Re: Combining class for Thai characters

Peter_Constable Thu, 23 May 2002 00:50:45 -0700

On 05/21/2002 10:07:32 AM Samphan Raruenrom wrote:

>I have something to consult with you about the properties of Thai
>characters in Unicode...


>The (below-attached) tone marks "MAI EK, THO, TRI, CHATTAWA" have 
combining 
>class 107

That's "above-attached", of course (simply a typo).


>My first question is :-
>Why the above-attached vowel signs/marks all have combining class 0?
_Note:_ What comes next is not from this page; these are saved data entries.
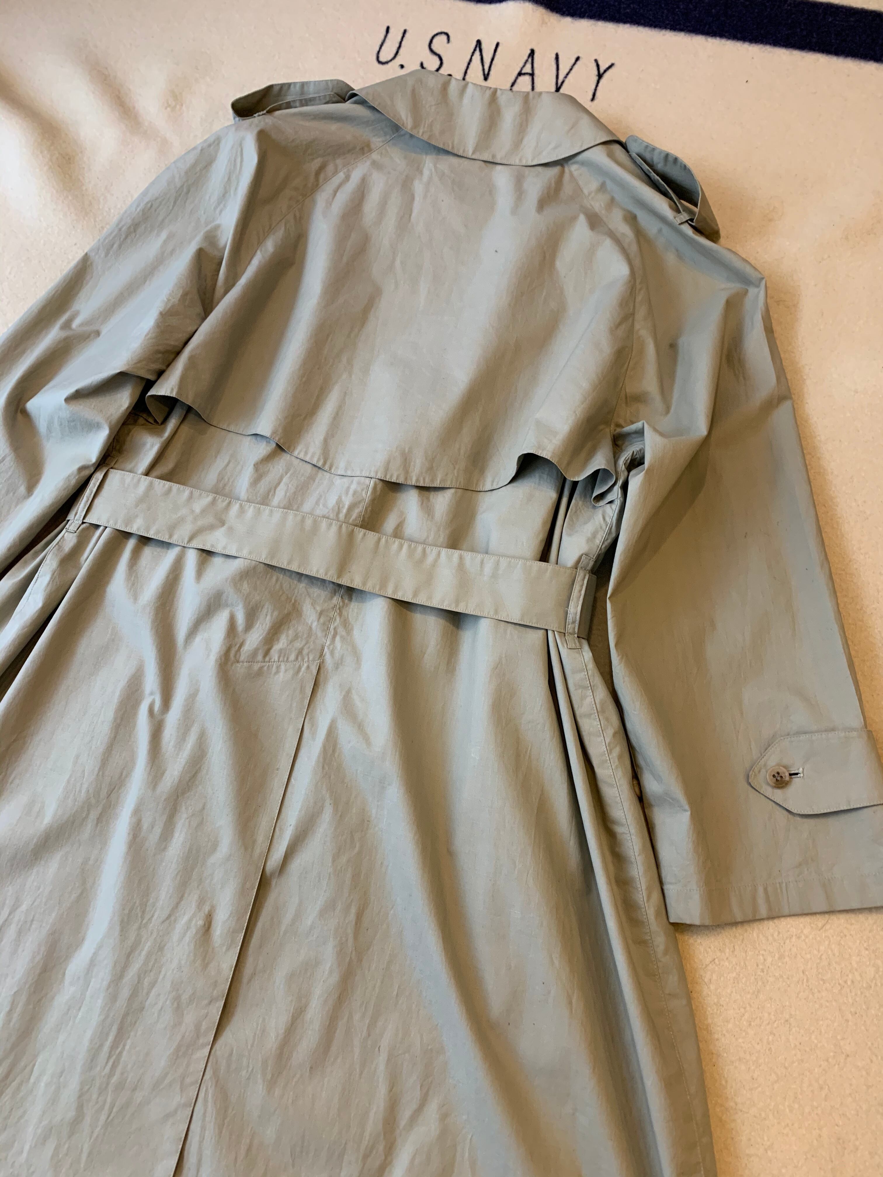 珍しい薄手のコットン地、ワッシャー加工【しわ加工】の施されたBurberry’sのトレンチコート。中に色々着込めて上から羽織れるので春先や秋口なんかに良いと思います。
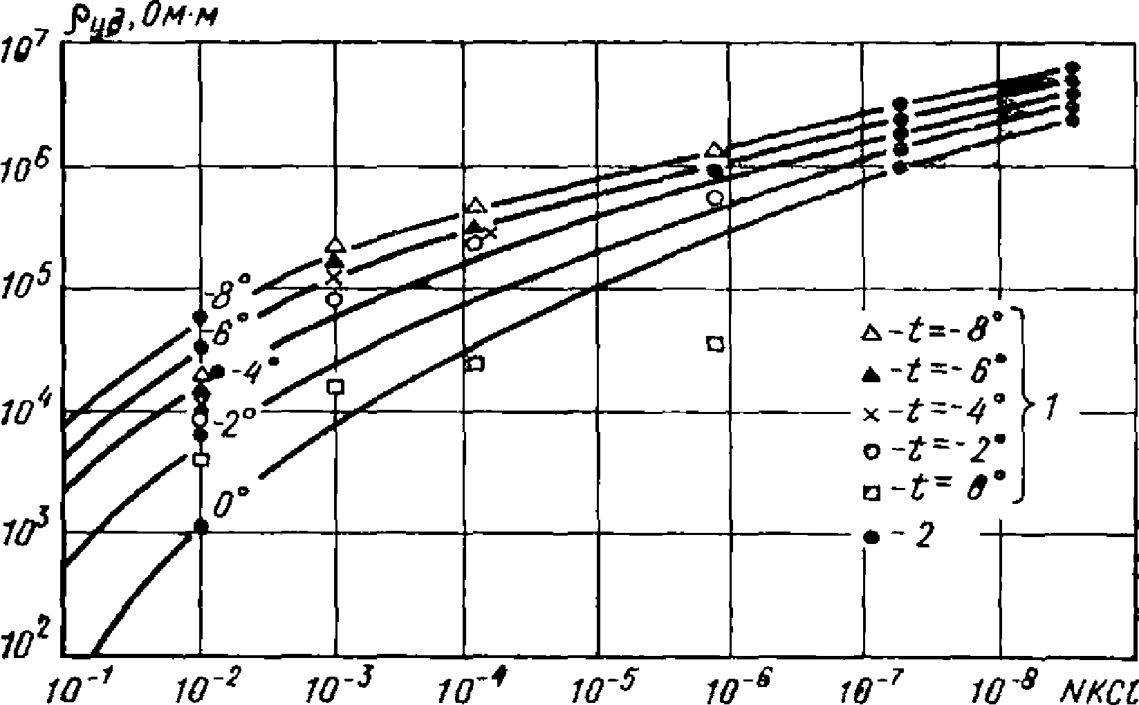 1.10. УЭС льда также зависит от концентрации (минерализации) замерзшего электролита и температуры. Характер этой зависимости показан на
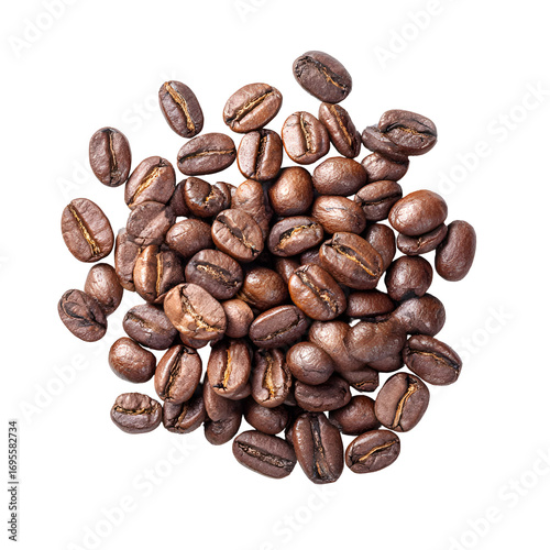 © ahmad musiyam, Naklejka premium Roasted coffee beans on a black background close up photography for food industry
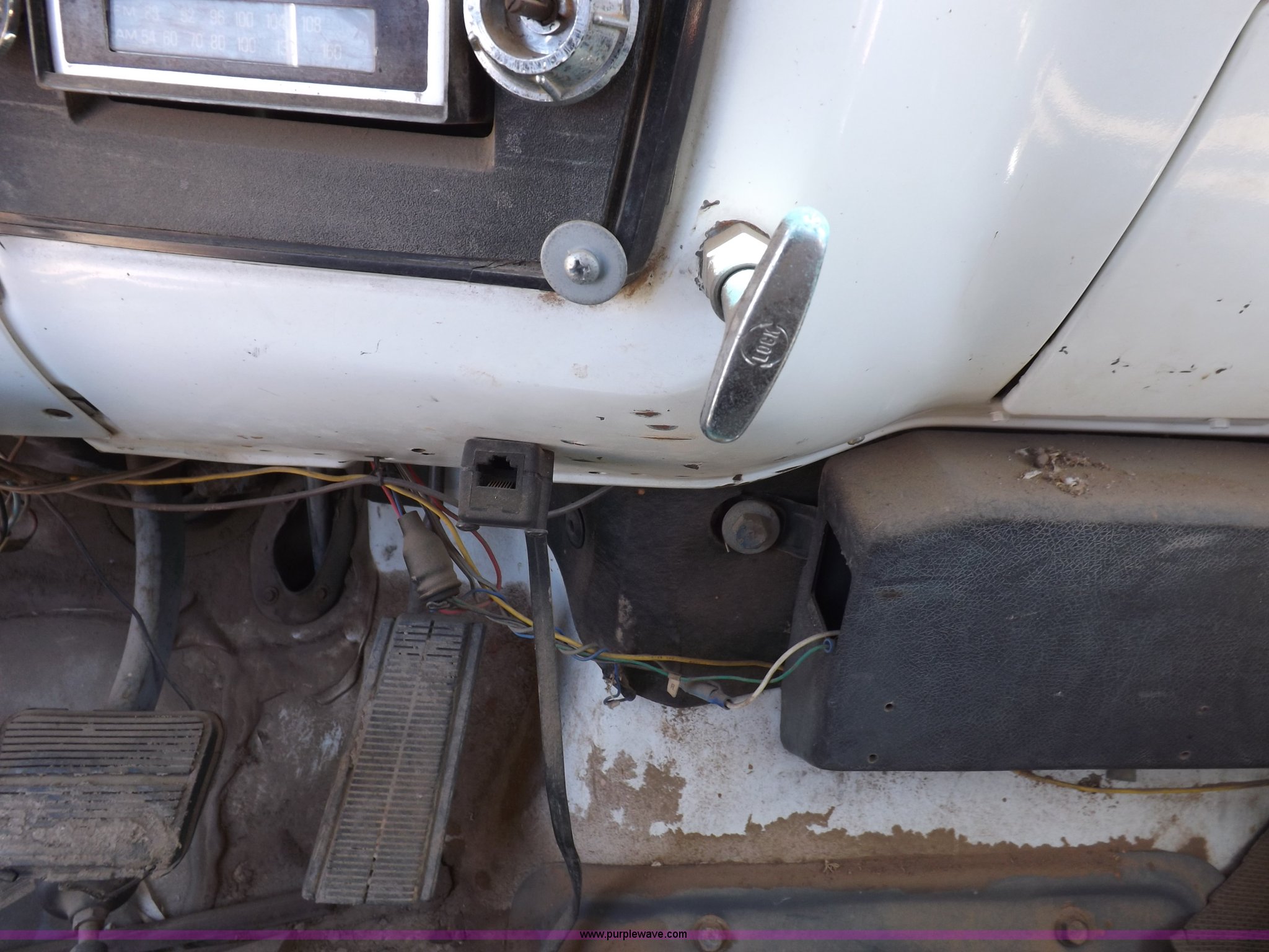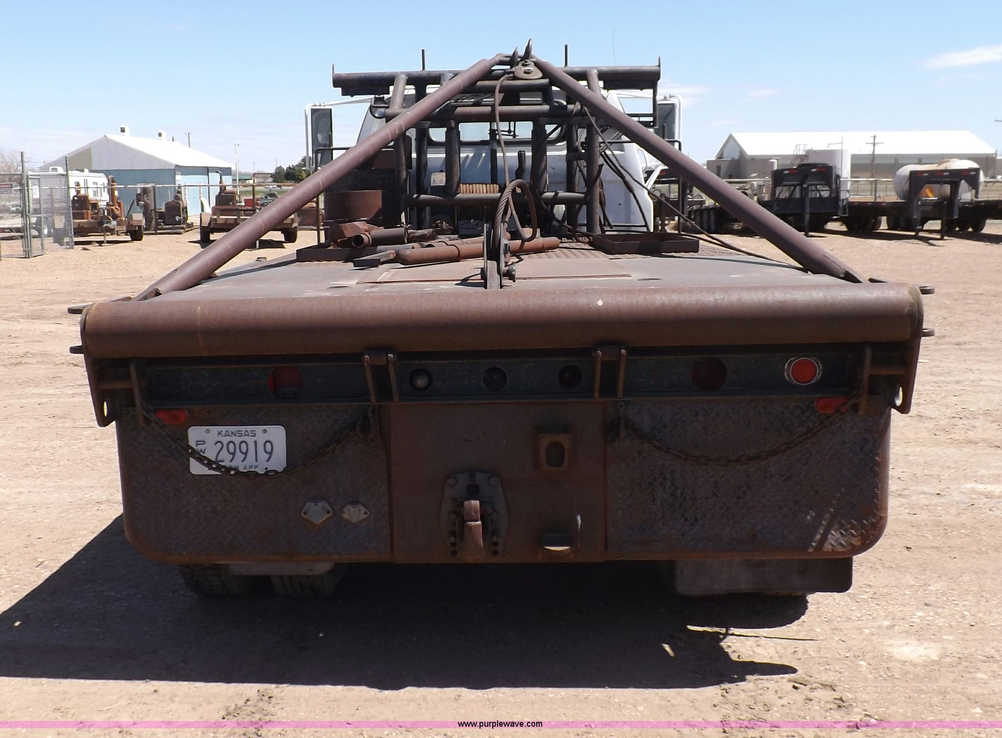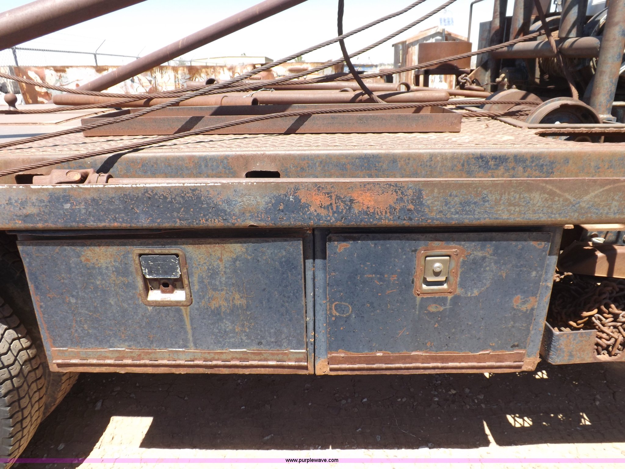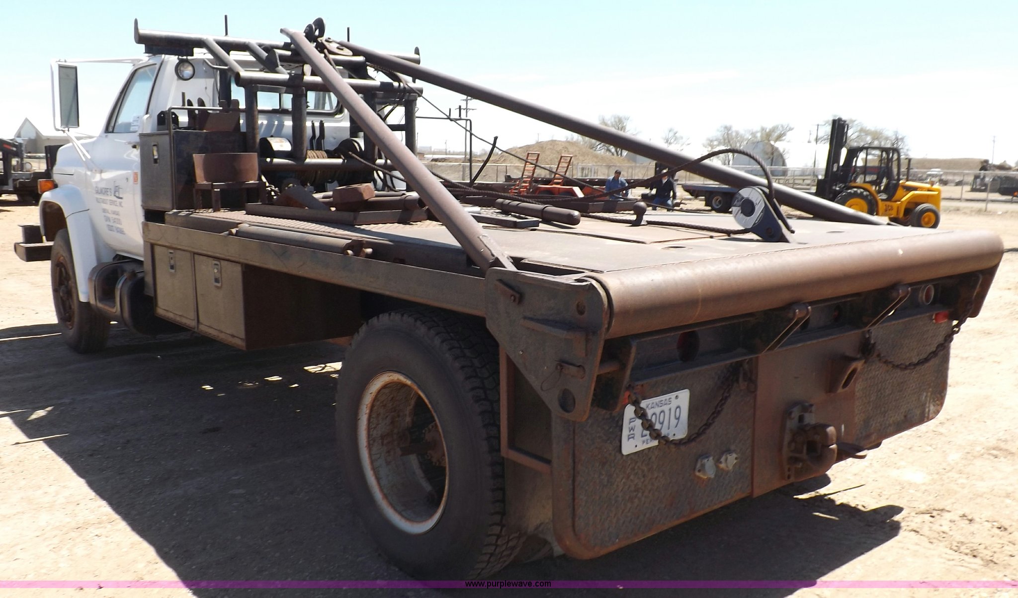 Purple Wave is selling a used Flat Bed Truck in Kansas. This item is a 1984 GMC TopKick oilfield truck with the following: 29,550 miles on odometer, Not Actual Mileage, 6.0L V8 gas engine, Five speed manual transmission, Two speed rear end, Heat, AM/FM, Behind seat storage, Mico brake lock, Warner brake controller, Dual 50 gallon fuel tank, 13'8"L x 96"W bed, Gin poles and rigging, Dual winches, Headache rack, Full width rolling tailboard, 2 5/16" gooseneck hitch, (2) 24"W x 24"D x 16"H storage boxes, (2) 24"W x 17"D x 16"H storage boxes, 24"W x 17"D x 17"H storage box, 30"W x 17"D x 17"H storage box, Heavy duty oilfield front bumper, 189" wheelbase, 9.00R20 tires, GVWR 24,550 lbs, Transmission needs work

I'm not positive on the history, but here's my take: As you mention, there 
is a sequencing constraint in WTT. In an earlier version of the Unicode 
standard (prior to 2.1) all of the Thai characters of category Mn had 
fixed-position classes. I'm guessing that that was influenced by a notion 
of there needing to be a specific order, as in WTT. It didn't really 
accomplish anything to have all the different fixed position classes, 
though. If anything, it created some complications, which I won't 
elaborate on. At any rate, between 2.0 and 3.0, a lot of fixed-position 
classes, both for Thai and for other scripts, were simplified. In so 
doing, many were set to 0.

My opinion is that they should have been simplified, but that setting the 
bulk of them to 0 was a mistake and creates some significant problems 
(which go a step beyond the questions you raise here). I think they should 
have been simplified in line with the final suggestion you make: have 
those that interact typographicallay have the same class. (I'd say the 
same of many other combining marks in a number of other scripts.)


>This inhibits them from participating in normalizations, right?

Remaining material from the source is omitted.